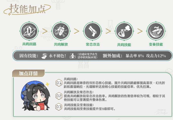 按照培养素材需求、技能优先级推荐、武器推荐、声骸推荐、共鸣链分析、配队建议等多个方面,详细剖析该角色的方方面面!
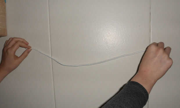 2. medir la cadena horizontal contra la pared para ver cuánto quiere que sea. Tenga en cuenta el número de fotos y el hecho de que a atar nudos en el extremo.
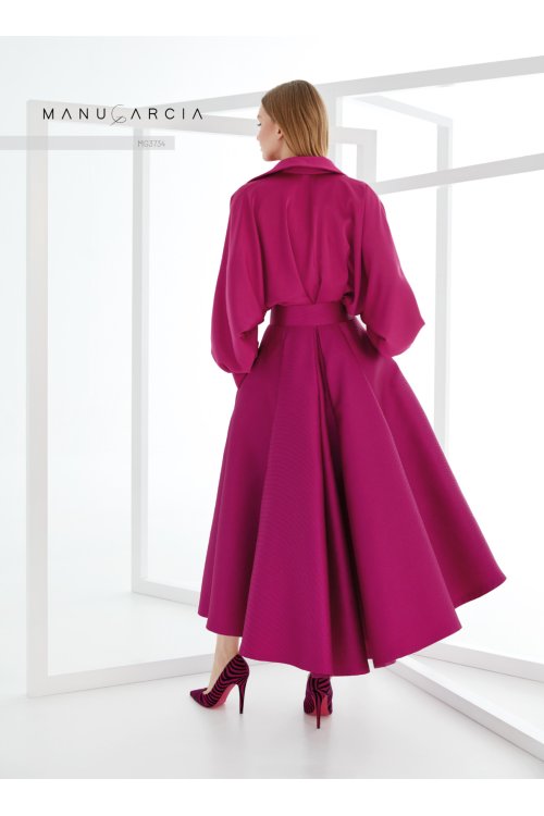 Conjunto de dos piezas de fiesta. se compone de una blusa de crepe satén amplia con cuello camisero y mangas murciélago. Este look se completa con una falda confeccionada en pique de largo midi tableada y su cintura se ciñe con un cinto forrado en pique que aportando a este look un estilo más moderno.
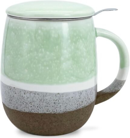 13.5 OZ Reactive Glaze Tea Infuser Cup, Loose Leaf Tea Cup with strainer and lid, Porcelain Mug with Infuser Basket for Microwave & Dishwasher Safe, Green

Work request: What you return should be the whole listing, word for word, without its pictures.

Exercise output:
 按照培养素材需求、技能优先级推荐、武器推荐、声骸推荐、共鸣链分析、配队建议等多个方面,详细剖析该角色的方方面面!
 2. medir la cadena horizontal contra la pared para ver cuánto quiere que sea. Tenga en cuenta el número de fotos y el hecho de que a atar nudos en el extremo.
 Conjunto de dos piezas de fiesta. se compone de una blusa de crepe satén amplia con cuello camisero y mangas murciélago. Este look se completa con una falda confeccionada en pique de largo midi tableada y su cintura se ciñe con un cinto forrado en pique que aportando a este look un estilo más moderno.
 13.5 OZ Reactive Glaze Tea Infuser Cup, Loose Leaf Tea Cup with strainer and lid, Porcelain Mug with Infuser Basket for Microwave & Dishwasher Safe, Green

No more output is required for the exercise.